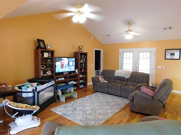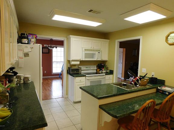 Nice country setting, not far from town with this 3/2 brick home on 3.98 acres. Home has kitchen with breakfast bar and nook, tile flooring. Entry, dining and living areas have oak hardwood flooring. Living room has french doors leading to screened in patio. Split floor plan has spacious master bedroom with walk in closet and master bath with double vanity, separate shower and whirlpool tub. 2 additional bedrooms and hall bath. Attached double carport. Covered front porch. 12x10 outbuilding and a 16x12 partially enclosed outbuilding.
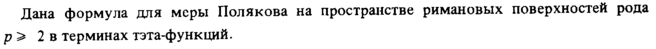 Дана формула для меры Полякова на пространстве римановых поверхностей рода
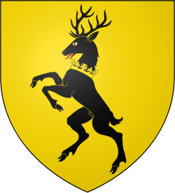 A black crowned stag, on a gold field (Or, a stag salient, crowned, sable) |
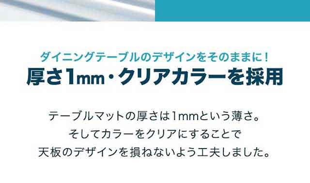 - テーブル天板を傷つけたくないし、でもテーブルの木目調は隠したくないし。ということで、こちらの商品満足です。
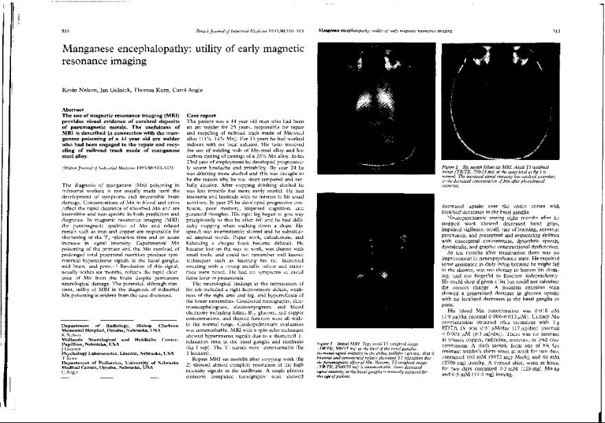 Manganese encephalopathy : utility of early magnetic resonance imaging
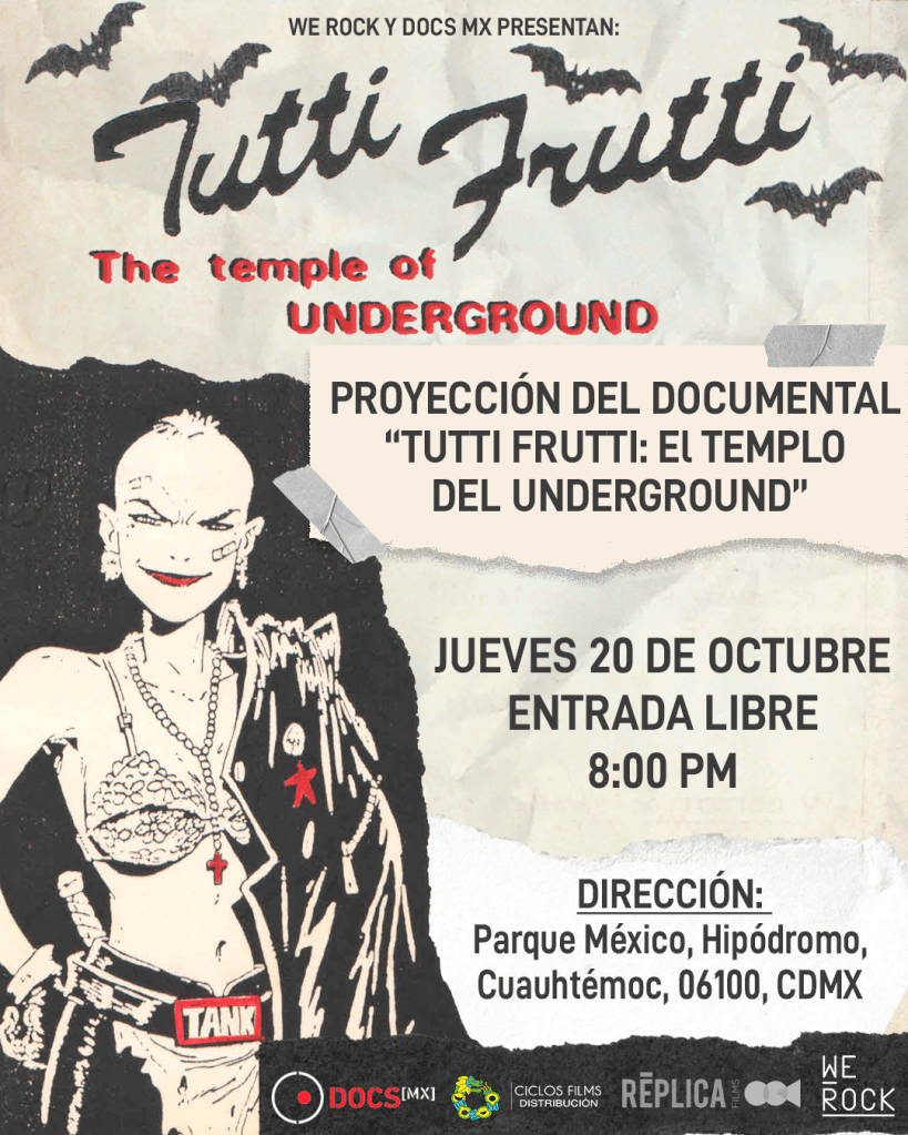 La proyección del documental «Tutti Frutti: El Templo del Underground» llega al Parque México 🔥

****

Each entry above is to be written out again unchanged, apart from the pictures, which are left out.

Response area:
 Nice country setting, not far from town with this 3/2 brick home on 3.98 acres. Home has kitchen with breakfast bar and nook, tile flooring. Entry, dining and living areas have oak hardwood flooring. Living room has french doors leading to screened in patio. Split floor plan has spacious master bedroom with walk in closet and master bath with double vanity, separate shower and whirlpool tub. 2 additional bedrooms and hall bath. Attached double carport. Covered front porch. 12x10 outbuilding and a 16x12 partially enclosed outbuilding.
 Дана формула для меры Полякова на пространстве римановых поверхностей рода
 A black crowned stag, on a gold field (Or, a stag salient, crowned, sable) |
 - テーブル天板を傷つけたくないし、でもテーブルの木目調は隠したくないし。ということで、こちらの商品満足です。
 Manganese encephalopathy : utility of early magnetic resonance imaging
 La proyección del documental «Tutti Frutti: El Templo del Underground» llega al Parque México 🔥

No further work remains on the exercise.